CIA director and Obama administration appointee John Brennan emphatically denied the charges, telling MSNBC’s Andrea Mitchell, “Nothing could be further from the truth.” He went on to suggest that SSCI chairwoman Sen. Diane Feinstein (D-CA), who is firing angry about the CIA’s actions, is “beyond the scope of reason.”
According to The Washington Post, files have disappeared from the network and CIA agents have evidently intimidated staffers. Feinstein, whose committee is compiling a 6,000 report on the CIA’s use of waterboarding and the like, voiced “grave concerns that the CIA’s search may well have violated the separation of powers principles embodied in the U.S. Constitution.” She’s also been repeatedly demanding an explanation from the CIA and Brennan since January without a response, until now.
The battle between SSCI and CIA comes down to a high powered D.C. he-said-she-said.
The CIA claims that Senate staffers illegally accessed, perhaps via hacking, documents which they didn’t have clearance to view. And, likewise, the committee staffers insist that the CIA horked documents it had gathered via the CIA’s special network.

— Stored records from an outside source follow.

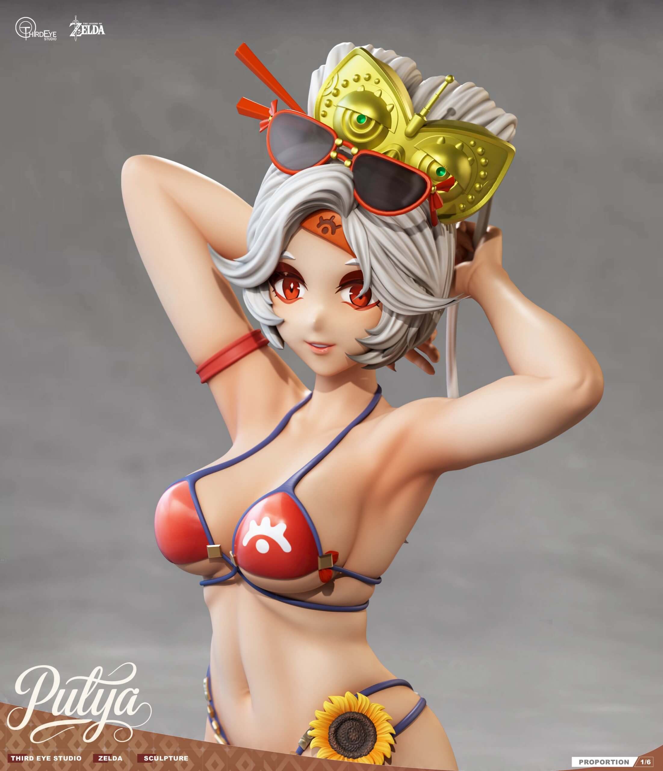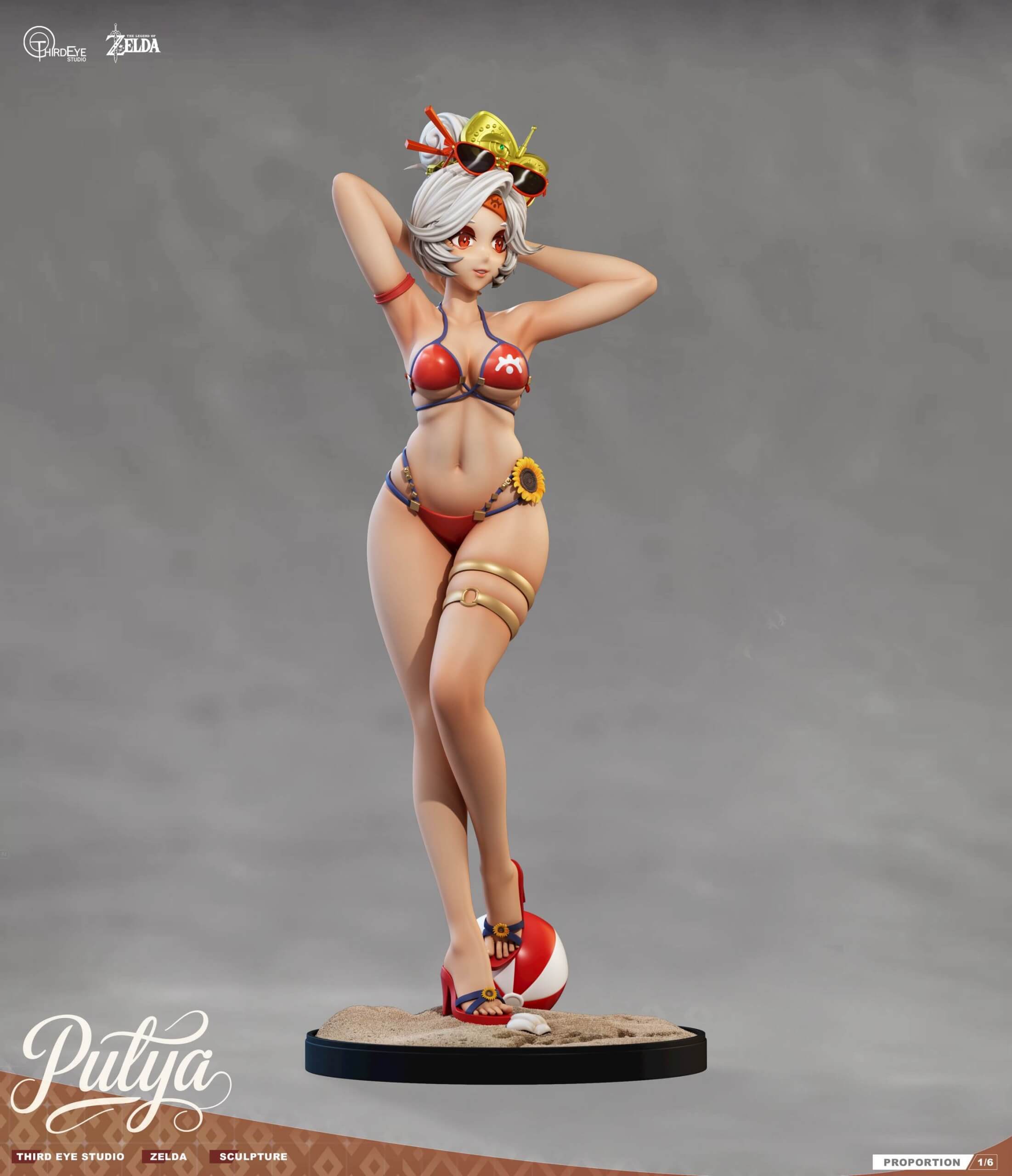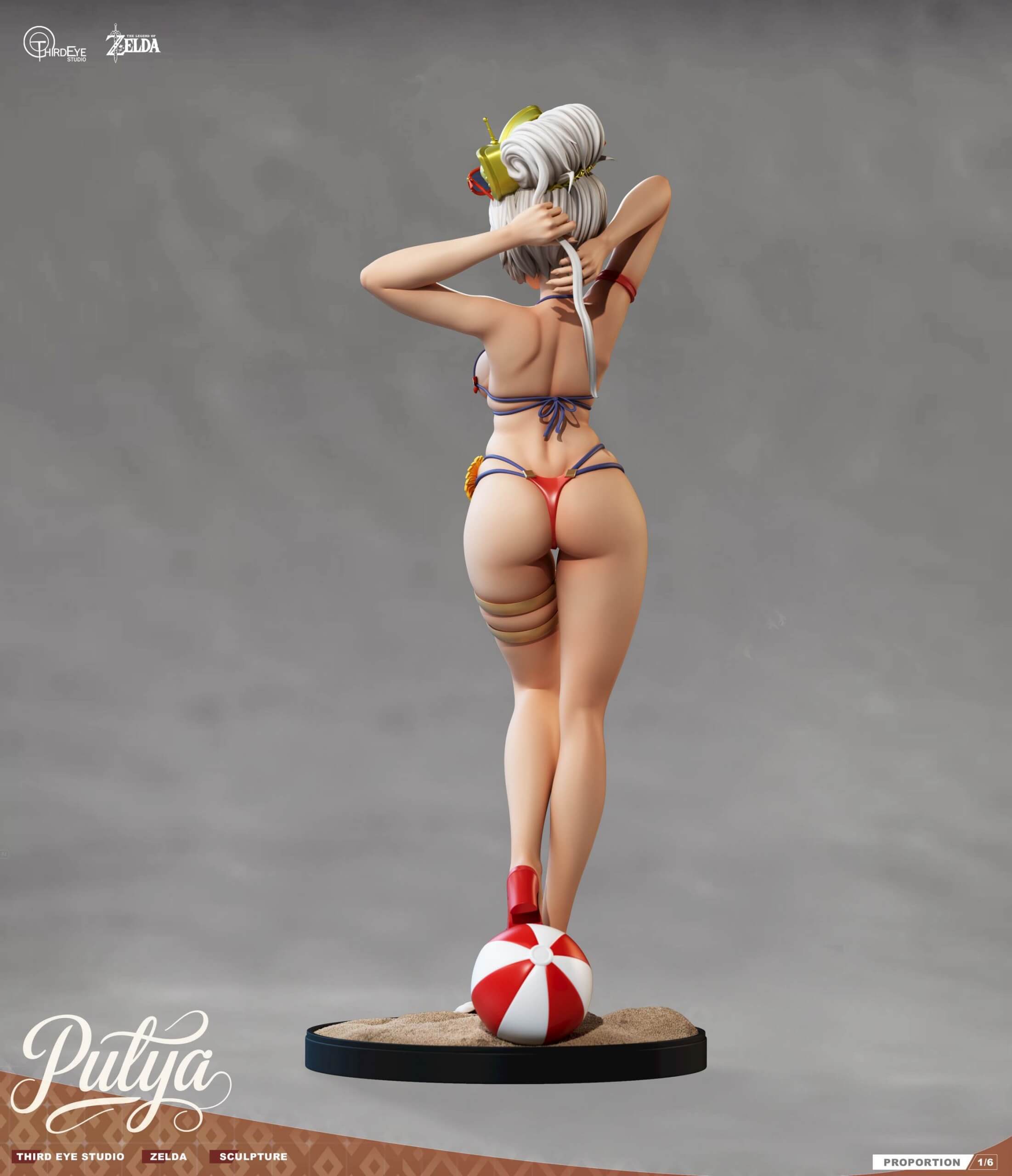 - Single full-body statue of Purah in a relaxed beach pose, with both hands lifting her hair behind her head.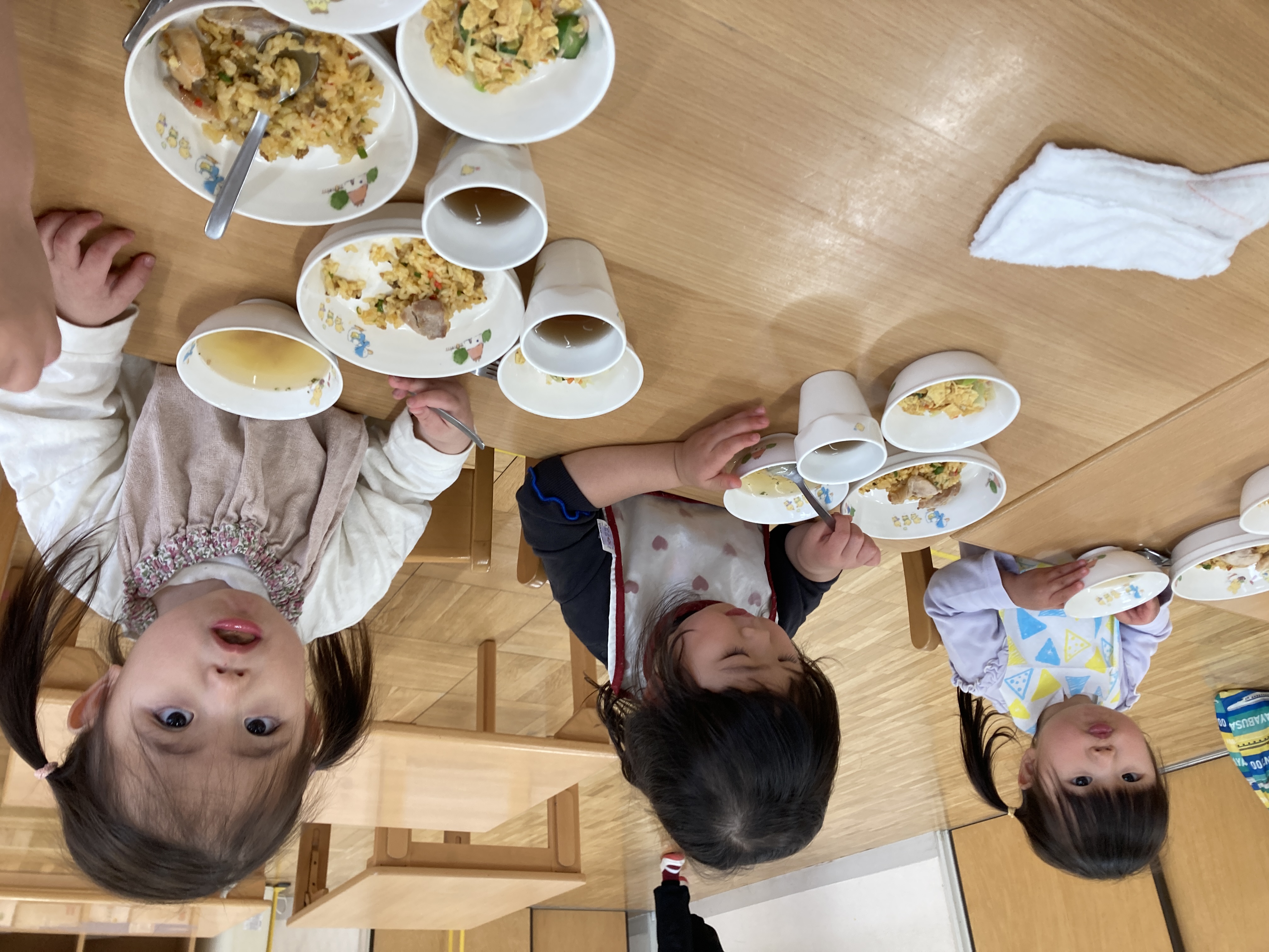 「今日で最後だね~」と給食中もモグモグ。。。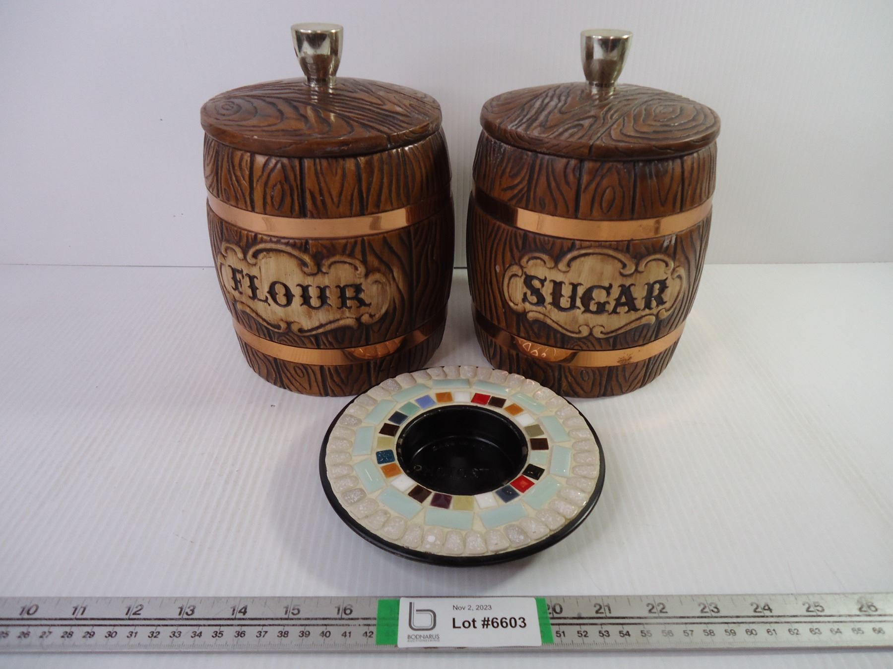 Flour and Sugar Ceramic Containers and Trinket Dish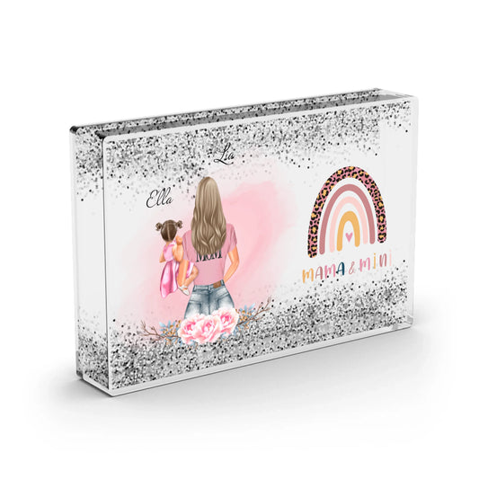 Mama & Kleinkind - Schneekugel Silber Glitzer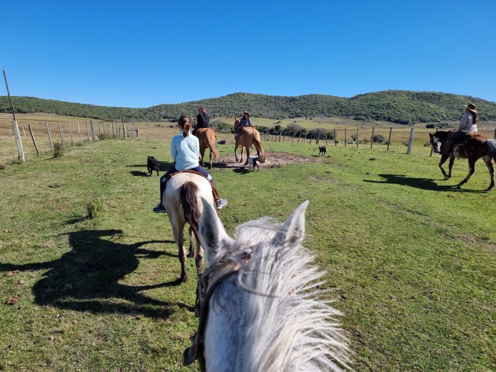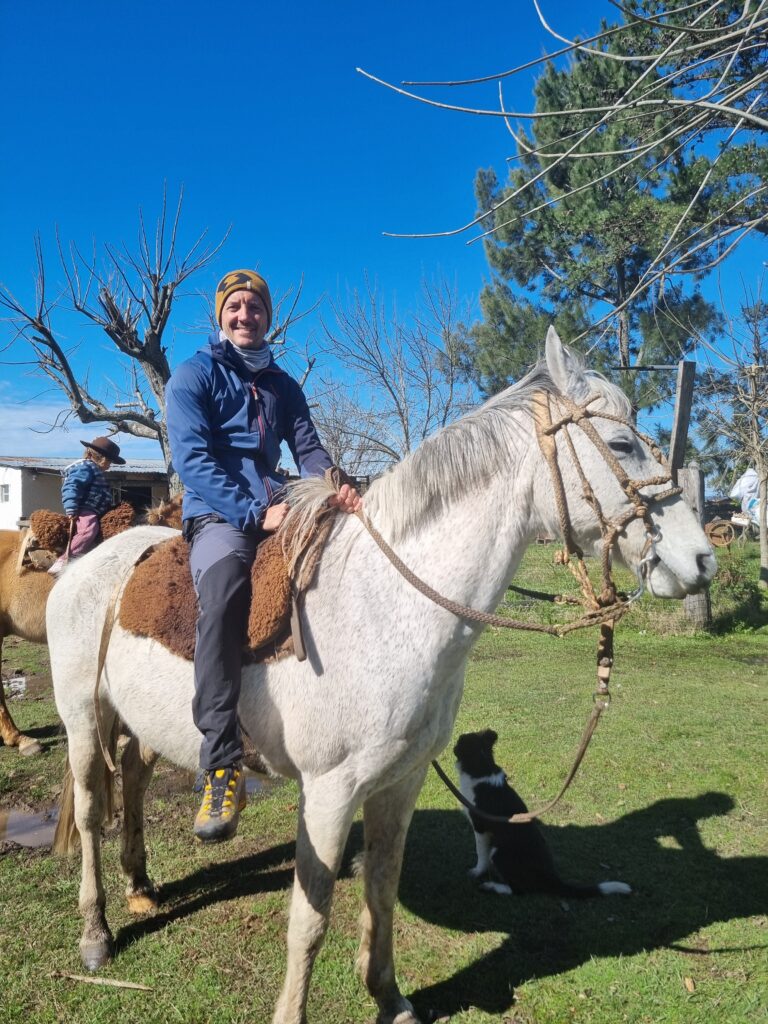 - Les animaux: Nous avons également été frappés par l’importante présence d’animaux, sauvages comme domestiques. D’abord les oiseaux : il y en a énormément! Des petits, des gros, qui volent et planent au-dessus de votre tête où que vous soyez. Bien sûr il y en a encore davantage à la campagne. Le chant des oiseaux vous accompagnent du matin au soir, c’est très plaisant! Les chevaux : nous ne nous étions pas trompés, l’Amérique du Sud est le continent du cheval. L’Uruguay ne fait pas exception: il y a un nombre impressionnant de chevaux dans les champs, servant aux gauchos, mais aussi en ville, parfois sur les pelouse, les bas-côtés. Le cheval est un animal domestique très répandu et très respecté. Enfin les chiens: chaque famille possède parfois un, souvent plusieurs chiens. Il y a des magasins spécialisés pour leur nourriture et leur bien-être à tous les coins de rue. Dans l’aéroport de Montévidéo, il y a même des toilettes pour femmes, de toilettes pour hommes (jusque-là rien de bien exceptionnel!) et … des toilettes pour chiens! Partout où nous allons, nous finissons toujours par être accompagnés d’un ou deux chiens errants cherchant un peu d’affection ou quelques restes de repas. Les animaux sont tous très gentils, nous n’avons croisé aucun chien agressif. Cependant, il est important de faire bien attention où l’on met les pieds (petite revanche contre ces humains qui jettent leurs déchets partout???)!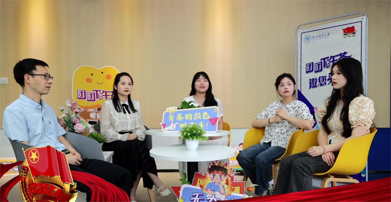 此次活动采用师生面对面交流的方式,共话“青春”。外语课部副书记姜维、医学院团总支书记汪希以及医学院学生梁娜、商学院学生谢佳欣、艺术学院学生陈琳玉作为师生代表参加此次活动。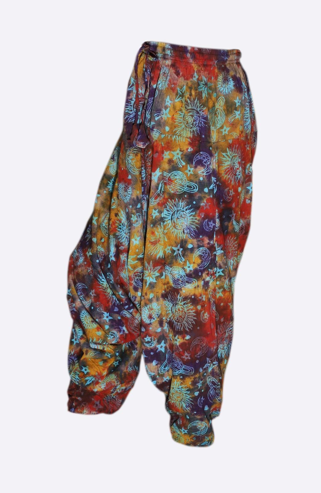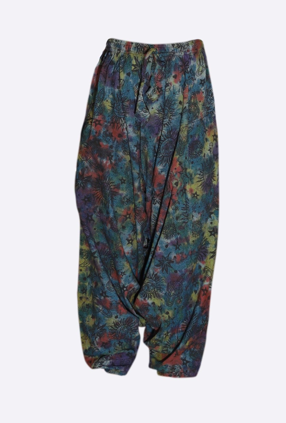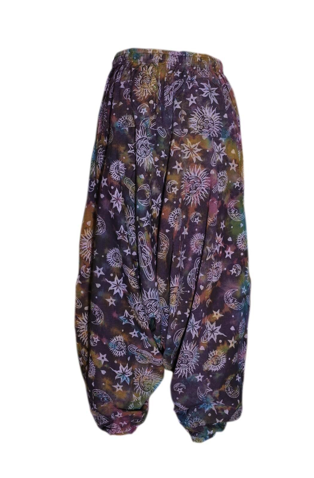 Bring a playful cosmic twist to your wardrobe with these tie-dye harem pants. Crafted from lightweight 100% cotton, they are soft, breathable, and perfect for all-day comfort.

A special computer room was assembled by the Agency at or near CIA headquarters offering committee staffers direct access to millions of CIA documents during the investigation and authoring of the torture report. Contrary to what you might’ve heard, no, the CIA didn’t hack into Senate computers on the Hill or eavesdrop on senatorial phone calls.
Cue the Barney Fifes from Team Snowden. Not unlike kneejerk police-scanner jockies, along comes Greenwald, Edward Snowden and The Intercept to latch onto the story as a means of furthering their lucrative Demon Obama Wants To Know Your Every Thought (Also Pocket Sensors) agenda. Their hackles are particularly erect this time around due to the fact that NSA-defender Feinstein has been one of their favorite whipping-girls since the beginning of the Snowden saga. And now the tables are turned against Feinstein.
The Intercept‘s Dan Froomkin posted an article yesterday calling the fight between the Agency and the committee a “constitutional crisis.”